### Data provided
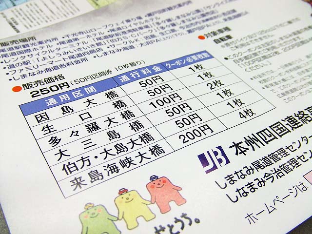 でね、自転車でしまなみ海道を渡る時って言うのは無料じゃないんですよね。
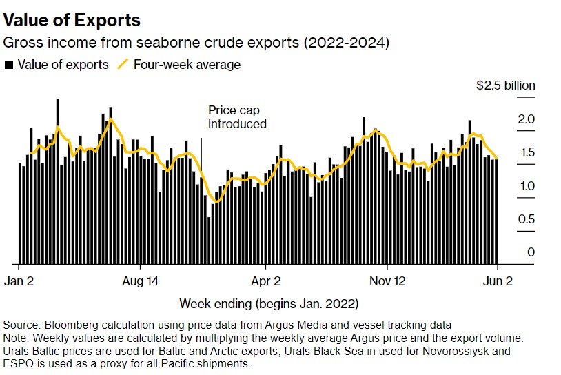 在截至6月2日的七天内,俄罗斯原油出口总计价值从截至5月26日的约15.6亿美元小幅上升至15.7亿美元,这得益于国际原油基准——布伦特原油在此期间小幅上涨。相比之下,俄罗斯原油出口的四周平均收入下降了约7,200万美元,至每周15.9亿美元,为2月份以来的最低水平。
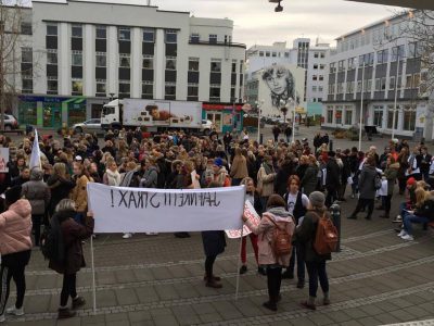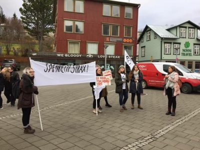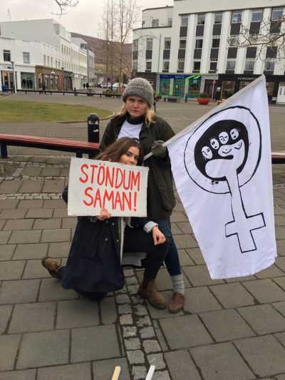 Nokkur hundruð stelpur úr MA og VMA stóðu upp frá skólabókunum í morgun og gengu fylltu liði niður á Ráðshústorg til þess að mótmæla launamuni kynjanna. Þar sem vetrarfrí var í báðum skólunum í gær var ákveðið að halda annan í kvennafríi og að sögn skipuleggjendanna gekk dagurinn frábærlega.
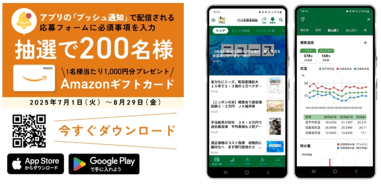 Amazonギフトカードが抽選で200名様に当たる!「日本農業新聞ニュースアプリ」ダウンロードキャンペーン
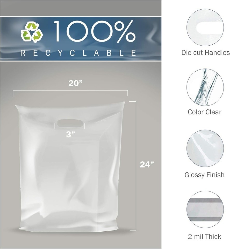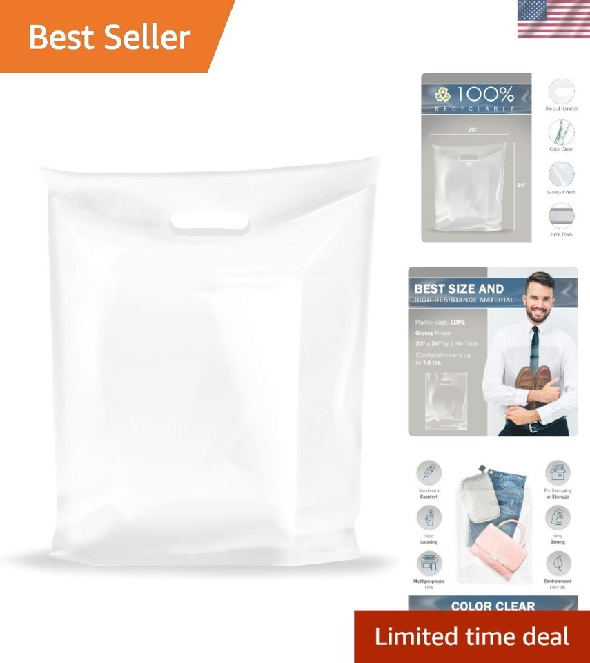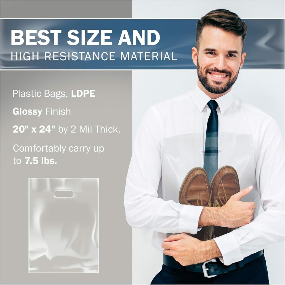 Extra Large Clear Merchandise Bags - Glossy Plastic Perfect for Retail - 100 Pack 20" x 24" x 2 mil Thick - Die Cut Handles - Ideal for Shopping, Large Packages, Toys - Color Clear - Recyclable
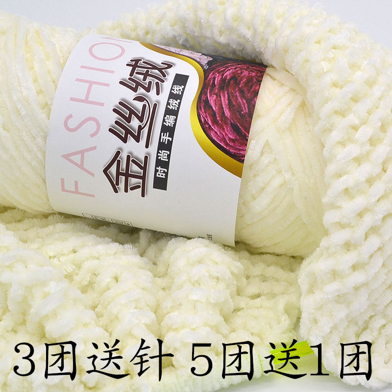 雪尼尔毛线 线钩小熊玩偶中粗毛线团 金丝绒毛线手工diy编织棉拖鞋
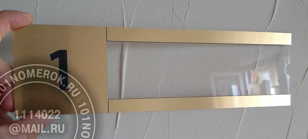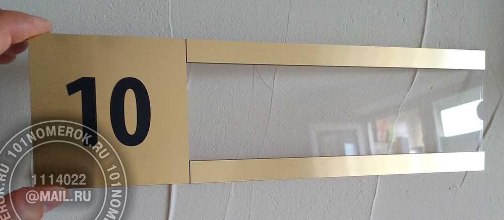 Вариант таблички - кармана для вставки листа с информацией с передними декоративными полосками из композитного пластика. Если сделать верхнюю полоску чуть шире, на нее можно отгравировать номер кабинета или название должности, либо другую информацию.
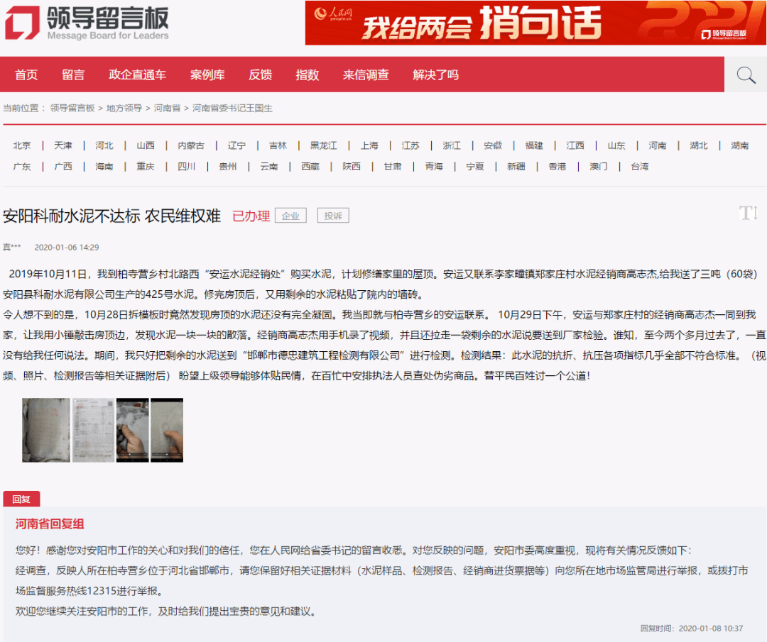 河南省回復(fù):“您好!感謝您對(duì)安陽市工作的關(guān)心和對(duì)我們的信任,您在人民網(wǎng)給省委書記的留言收悉。對(duì)您反映的問題,安陽市委高度重視,現(xiàn)將有關(guān)情況反饋如下:經(jīng)調(diào)查,反映人所在柏寺營鄉(xiāng)位于河北省邯鄲市,請(qǐng)您保留好相關(guān)證據(jù)材料(水泥樣品、檢測(cè)報(bào)告、經(jīng)銷商進(jìn)貨票據(jù)等)向您所在地市場(chǎng)監(jiān)管局進(jìn)行舉報(bào),或撥打市場(chǎng)監(jiān)督服務(wù)熱線12315進(jìn)行舉報(bào)。歡迎您繼續(xù)關(guān)注安陽市的工作,及時(shí)給我們提出寶貴的意見和建議。”
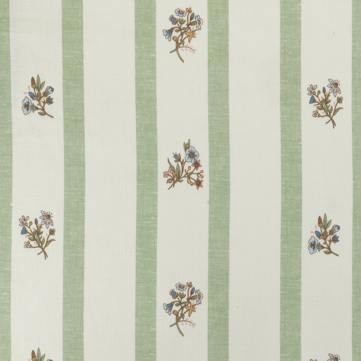 Paper-Backed Flax & Field Posy Stripe Printed Linen Wallcovering Eucalyptus/Pale Oyster
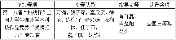 本网讯(通讯员 林梦颖 万潇 魏子昂)由共青团中央、中国科协、教育部、中国社会科学院、全国学联以及贵州省人民政府主办,贵州大学承办的第十八届“挑战杯”全国大学生课外学术科技作品竞赛“揭榜挂帅”专项赛终审环节圆满落幕,我校电气信息学院学子在本届大赛中荣获国家级三等奖。
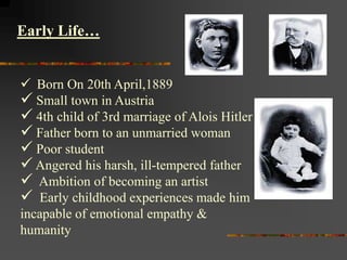 Adolf Hitler was born in 1889 in Austria and showed early ambitions of becoming an artist, though he was rejected from art school. He volunteered for the German army in World War I and was disturbed by Germany's defeat. Hitler joined the Nazi party and became its leader, gaining popularity through fiery speeches appealing to national pride and blaming the Treaty of Versailles for Germany's struggles. While in prison for attempting to overthrow the government, Hitler wrote his book Mein Kampf outlining his beliefs in German superiority and the need for dictatorship. The Nazis rose to power amid the Great Depression and Hitler became Chancellor, establishing a dictatorship and embarking on World War II by invading Poland. Defeated and isolated, Hitler committed suicide in 1945.
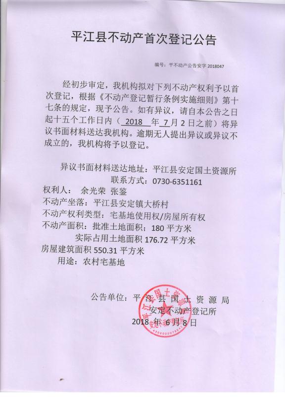 余光荣 张检平江县不动产首次登记公告平不产公告安字2018047
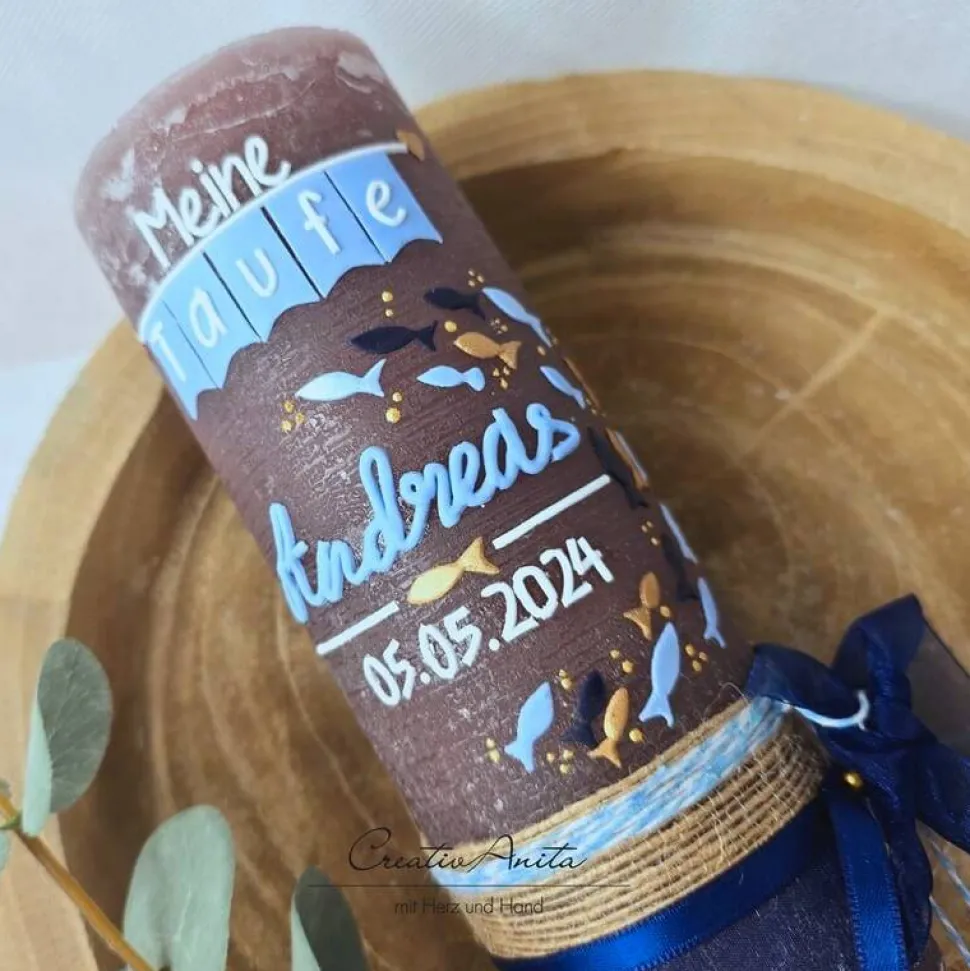 Gerne personalisieren wir die Kerze auch mit dem Namen des Täuflings und das Taufdatum.
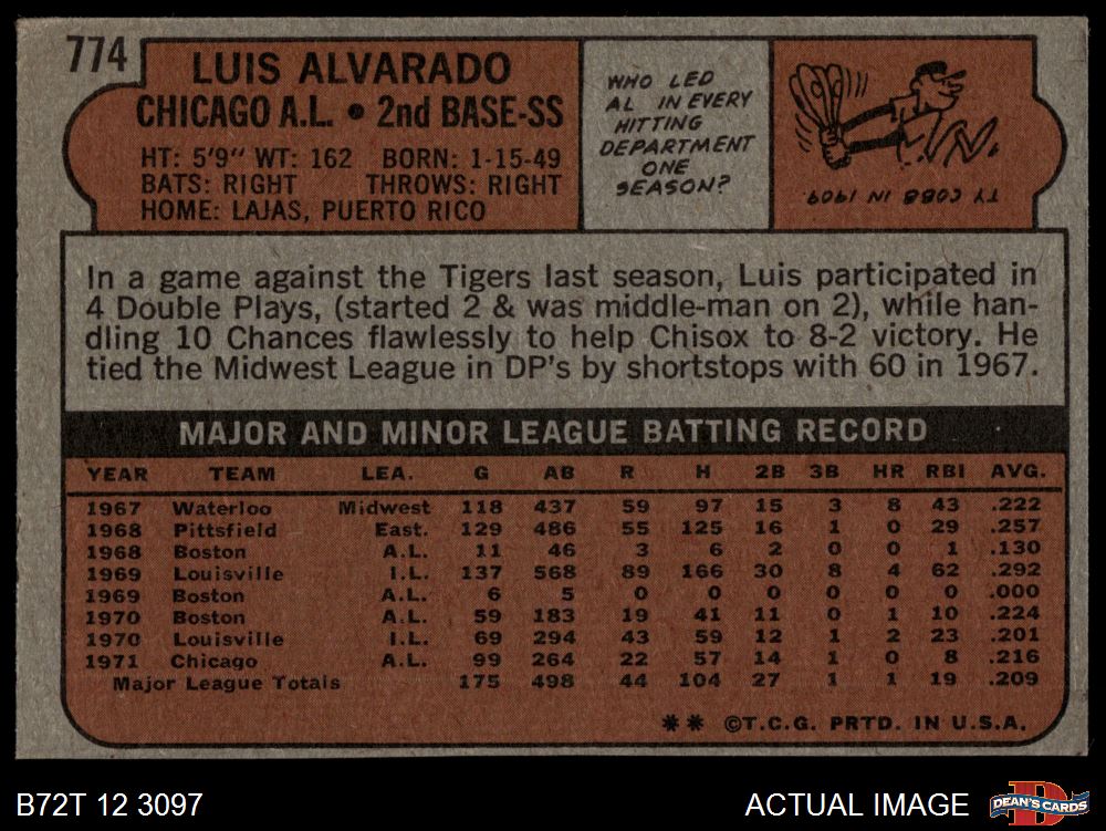 1972 Topps #774 Luis Alvarado 2 - GOOD
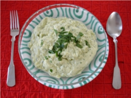Nun die Kartoffeln in der Rahmsoße heiß werden lassen und mit Salz und einem Spritzer Maggi abschmecken.
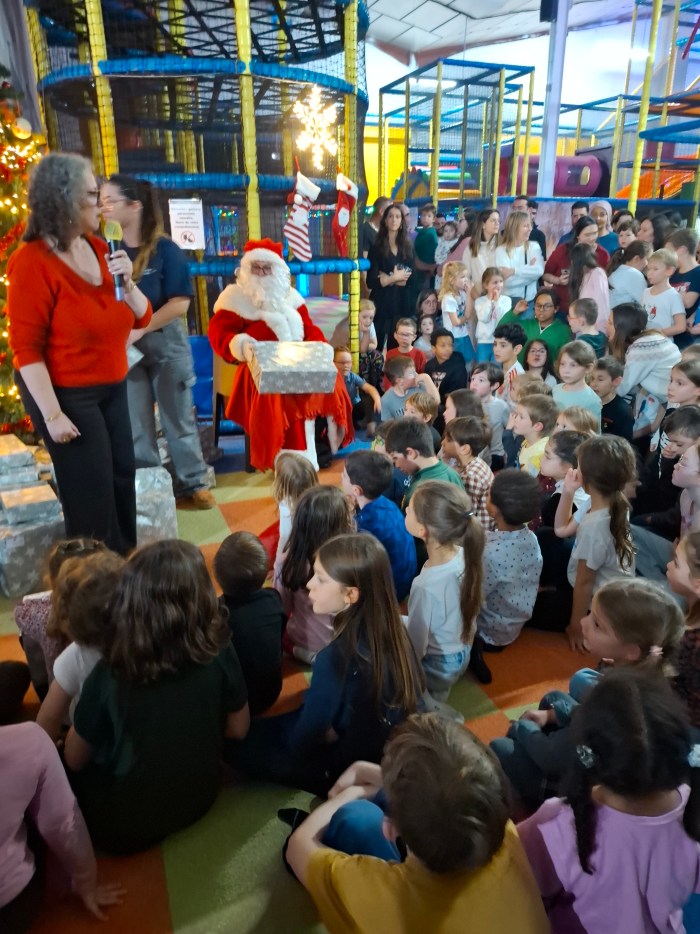 Après les activités proposées aux enfants et aux parents (parc entièrement ouvert, loterie, blind test) ce fut l’arrivée du Père Noël avec la remise des cadeaux.
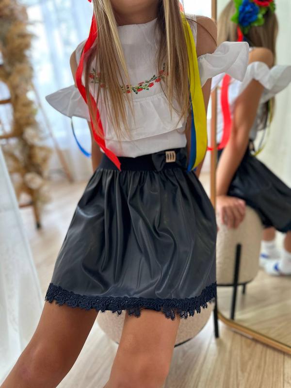 Юбка школьная отличного качества! Материал- экокожа высокого качества, снизу украшена кружевом. В поясе- широкая резинка. Замеры: XS (6-7 лет)- длина 29 S (7-8 лет)- длина 33 M (8-9 лет)- длина 35 L (9-10 лет)- длина 37 Цена: 425 грн
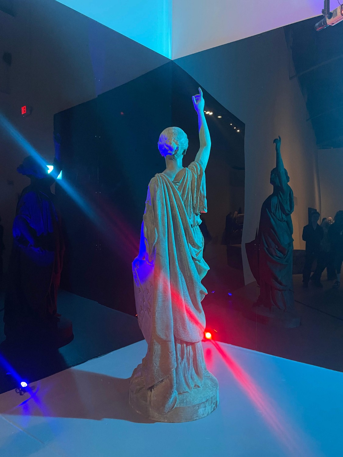 Under these guidelines, Smith said she decided to put a mirror up to the statue and place her in a corner between two walls on either side. Smith said the statue was then submerged in red, white and blue lights with a live CCTV camera pointed at her at all times, which is where the title, “The Warden,” comes from.

### What this task involves
If a record holds a picture, leave the picture out, but copy everything else exactly.

### Finished exercise
 でね、自転車でしまなみ海道を渡る時って言うのは無料じゃないんですよね。
 在截至6月2日的七天内,俄罗斯原油出口总计价值从截至5月26日的约15.6亿美元小幅上升至15.7亿美元,这得益于国际原油基准——布伦特原油在此期间小幅上涨。相比之下,俄罗斯原油出口的四周平均收入下降了约7,200万美元,至每周15.9亿美元,为2月份以来的最低水平。
 Nokkur hundruð stelpur úr MA og VMA stóðu upp frá skólabókunum í morgun og gengu fylltu liði niður á Ráðshústorg til þess að mótmæla launamuni kynjanna. Þar sem vetrarfrí var í báðum skólunum í gær var ákveðið að halda annan í kvennafríi og að sögn skipuleggjendanna gekk dagurinn frábærlega.
 Amazonギフトカードが抽選で200名様に当たる!「日本農業新聞ニュースアプリ」ダウンロードキャンペーン
 Extra Large Clear Merchandise Bags - Glossy Plastic Perfect for Retail - 100 Pack 20" x 24" x 2 mil Thick - Die Cut Handles - Ideal for Shopping, Large Packages, Toys - Color Clear - Recyclable
 雪尼尔毛线 线钩小熊玩偶中粗毛线团 金丝绒毛线手工diy编织棉拖鞋
 Вариант таблички - кармана для вставки листа с информацией с передними декоративными полосками из композитного пластика. Если сделать верхнюю полоску чуть шире, на нее можно отгравировать номер кабинета или название должности, либо другую информацию.
 河南省回復(fù):“您好!感謝您對(duì)安陽市工作的關(guān)心和對(duì)我們的信任,您在人民網(wǎng)給省委書記的留言收悉。對(duì)您反映的問題,安陽市委高度重視,現(xiàn)將有關(guān)情況反饋如下:經(jīng)調(diào)查,反映人所在柏寺營鄉(xiāng)位于河北省邯鄲市,請(qǐng)您保留好相關(guān)證據(jù)材料(水泥樣品、檢測(cè)報(bào)告、經(jīng)銷商進(jìn)貨票據(jù)等)向您所在地市場(chǎng)監(jiān)管局進(jìn)行舉報(bào),或撥打市場(chǎng)監(jiān)督服務(wù)熱線12315進(jìn)行舉報(bào)。歡迎您繼續(xù)關(guān)注安陽市的工作,及時(shí)給我們提出寶貴的意見和建議。”
 Paper-Backed Flax & Field Posy Stripe Printed Linen Wallcovering Eucalyptus/Pale Oyster
 本网讯(通讯员 林梦颖 万潇 魏子昂)由共青团中央、中国科协、教育部、中国社会科学院、全国学联以及贵州省人民政府主办,贵州大学承办的第十八届“挑战杯”全国大学生课外学术科技作品竞赛“揭榜挂帅”专项赛终审环节圆满落幕,我校电气信息学院学子在本届大赛中荣获国家级三等奖。
 Adolf Hitler was born in 1889 in Austria and showed early ambitions of becoming an artist, though he was rejected from art school. He volunteered for the German army in World War I and was disturbed by Germany's defeat. Hitler joined the Nazi party and became its leader, gaining popularity through fiery speeches appealing to national pride and blaming the Treaty of Versailles for Germany's struggles. While in prison for attempting to overthrow the government, Hitler wrote his book Mein Kampf outlining his beliefs in German superiority and the need for dictatorship. The Nazis rose to power amid the Great Depression and Hitler became Chancellor, establishing a dictatorship and embarking on World War II by invading Poland. Defeated and isolated, Hitler committed suicide in 1945.
 余光荣 张检平江县不动产首次登记公告平不产公告安字2018047
 Gerne personalisieren wir die Kerze auch mit dem Namen des Täuflings und das Taufdatum.
 1972 Topps #774 Luis Alvarado 2 - GOOD
Nun die Kartoffeln in der Rahmsoße heiß werden lassen und mit Salz und einem Spritzer Maggi abschmecken.
 Après les activités proposées aux enfants et aux parents (parc entièrement ouvert, loterie, blind test) ce fut l’arrivée du Père Noël avec la remise des cadeaux.
 Юбка школьная отличного качества! Материал- экокожа высокого качества, снизу украшена кружевом. В поясе- широкая резинка. Замеры: XS (6-7 лет)- длина 29 S (7-8 лет)- длина 33 M (8-9 лет)- длина 35 L (9-10 лет)- длина 37 Цена: 425 грн
 Under these guidelines, Smith said she decided to put a mirror up to the statue and place her in a corner between two walls on either side. Smith said the statue was then submerged in red, white and blue lights with a live CCTV camera pointed at her at all times, which is where the title, “The Warden,” comes from.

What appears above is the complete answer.